Kesha, Electric Brixton review - a joyously sassy comeback

Kesha, Electric Brixton review - a joyously sassy comeback

Pop's party girl returns with a tight band and a fistful of feisty songs

Ms Blue Sky, please tell us why you had to hide away for so long

There are more clothes flying Kesha’s way than onto the stage at a Las Vegas Tom Jones concert in the mid-Seventies. She started it. As she introduced her 2010 single “Take It Off”, she announced that since things were so hot she’d be discarding a few items. Duly, she removes the heavy, dark velveteen jacket, decorated with embroidered red roses, that she’s been wearing so far, and undoes her shiny gold shirt down to her sternum, revealing her bra. The song kicks in and the capacity crowd go nuts as she attacks her ballsy ode to a party hole “where they go hardcore and there's glitter on the floor”. A hail of tops bounces about the venue. Behind me a young woman, naked from the waist up, boogies like a headbanger.

Kesha’s freed-up party persona is contagious, the more so because her five-piece band, similarly clad in velveteen suits, with glittery cowboy ties, transform her older, electro-pop material into a Memphis-style rhythm'n'blues rock-out. They’re assisted by two male dancers/backing singers, one shaven-headed in glasses, the other a long-haired Adonis.

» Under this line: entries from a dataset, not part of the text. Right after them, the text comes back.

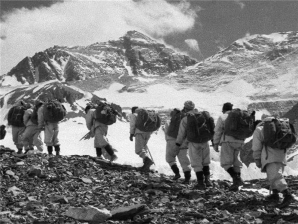 ↑1960年5月25日,中国登山队运动员王富洲、贡布(藏族)、屈银华3人首次集体安全地从东北山脊登上世界最高峰珠穆朗玛峰,开创了人类从北坡登顶的先例。图为王富洲(右一)、贡布(藏族)、屈银华。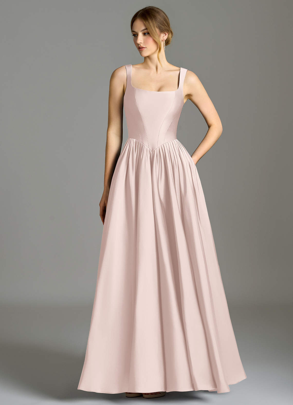 Blushing Pink A-Line Pleated Stretch Satin Dress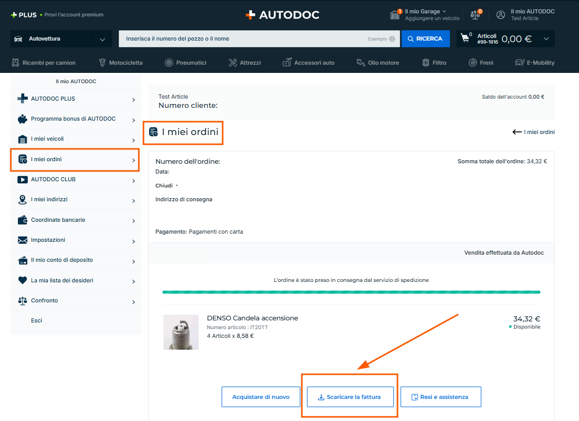 La fattura si trova su "Il mio AUTODOC → I miei ordini → Dettagli ordine → Scaricare la fattura".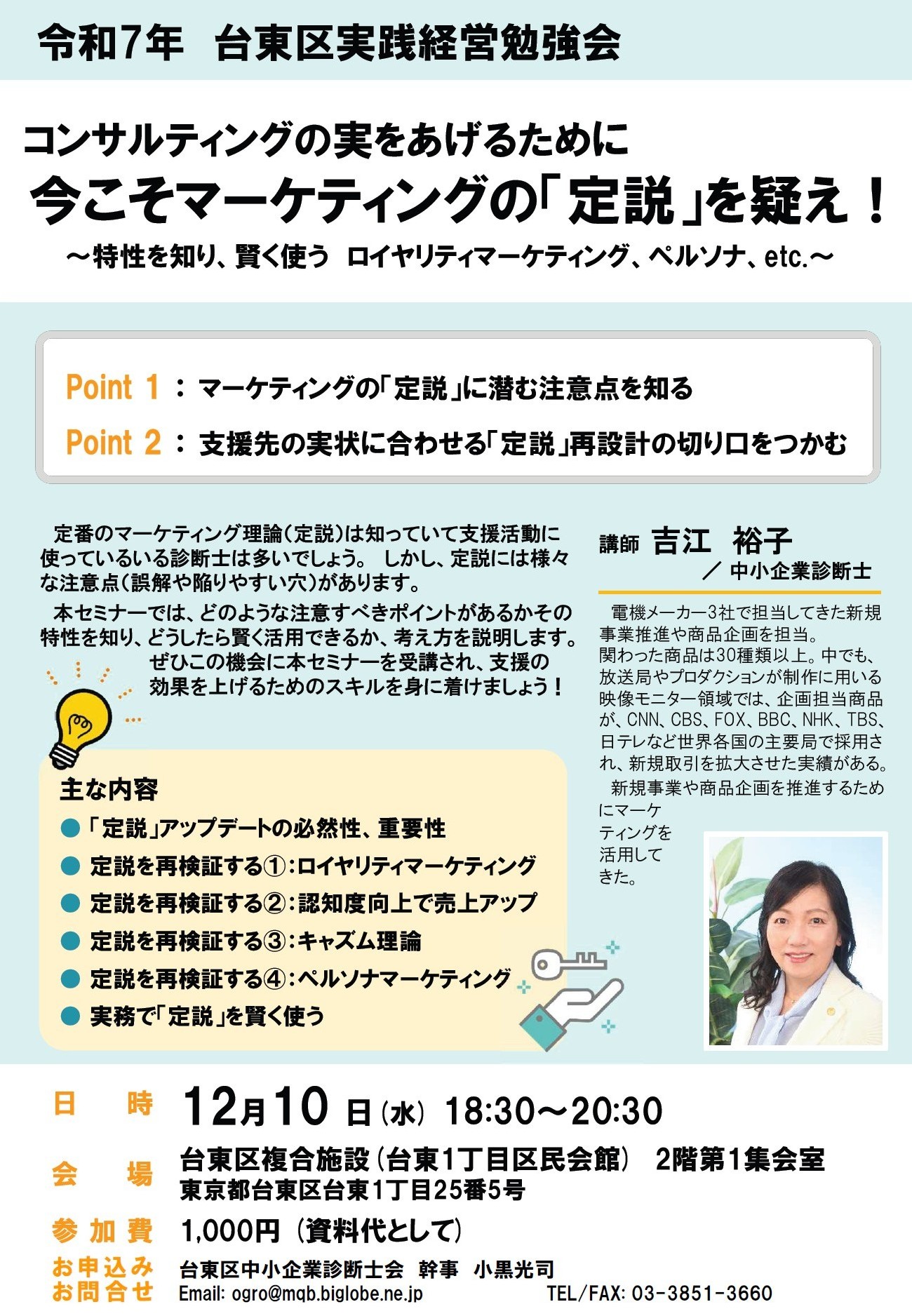今回は講師に吉江 裕子先生を迎え「今こそマーケティングの定説を疑え!」

This pair deliberately subvert the usual pop imagery by playing the coquette-ish role usually taken by female dancers, notably on opening number “Woman”, a horn-boosted feminist anthem on which the whole crowd shouts out the, “I’m a motherfucking woman!” chorus.

The bastards and assholes clearly haven’t broken Kesha

Of course, this sole British Kesha concert of 2017, amid a PR-announced “Kesha Takes Over the UK” campaign, is the European culmination of a comeback. Kesha has been through years of misery, resulting from a bitter, convoluted and well-documented legal conflict with the man who discovered her, Dr Luke. The songs on her recent album, Rainbow, deal with the subject, with her alleged abuse, exorcising it and finding empowerment in song. Perhaps more interestingly, in terms of her music, Rainbow is also about Kesha exploring new ways to express herself. Her work with The Flaming Lips, her country-rockin’ Yeast Infection outfit, and last year’s Kesha and the Creepies rock’n’roll tour all showed an artist keen to break free of the chart-pop straitjacket. Now she almost has, and the way the audience knows her new material seems to thrill her.

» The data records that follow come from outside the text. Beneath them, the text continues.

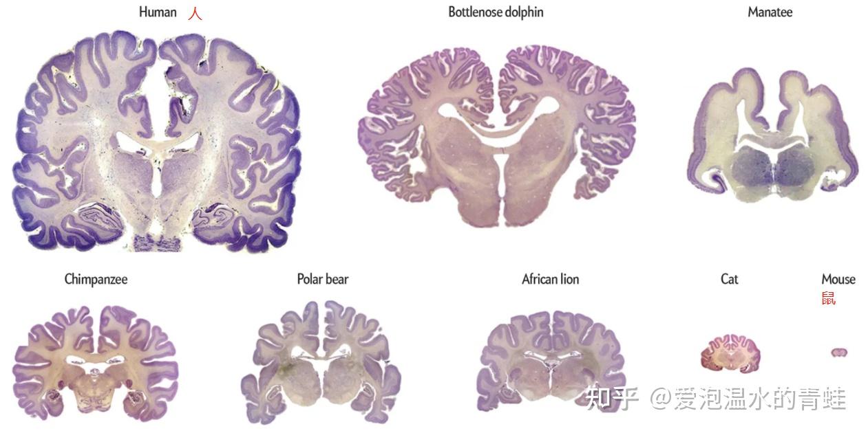 不同物种之间的大脑体积对比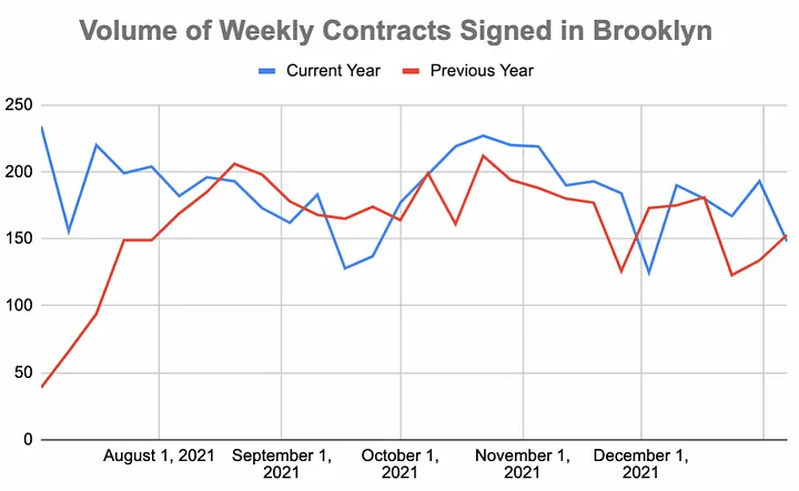 195 contracts were signed this week, a 1% increase from last week and a 16% decrease from last year.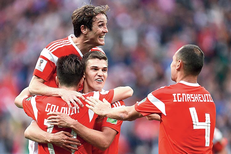জয়োল্লাস: বৃহস্পতিবার মস্কোয় সৌদি আরবকে পাঁচ গোলে হারিয়ে টিম রাশিয়া। ছবি: এএফপি

Indeed, when she brings her mum, the songwriter Pebe Sebert, on to help sing the strummed, Jonathan Richman-esque ballad “Godzilla”, one of Rainbow’s finest songs, and one her mother wrote, Kesha is so overcome with emotion she has to stop singing for a moment. Mostly, though, there are no such hiccups, as she shakes her waist-length pink hair extensions gleefully around, spits water – and later beer – over the audience, and hurls out towels she’s mopped her face with (“This is a big one – you can tear it into little pieces and share it”).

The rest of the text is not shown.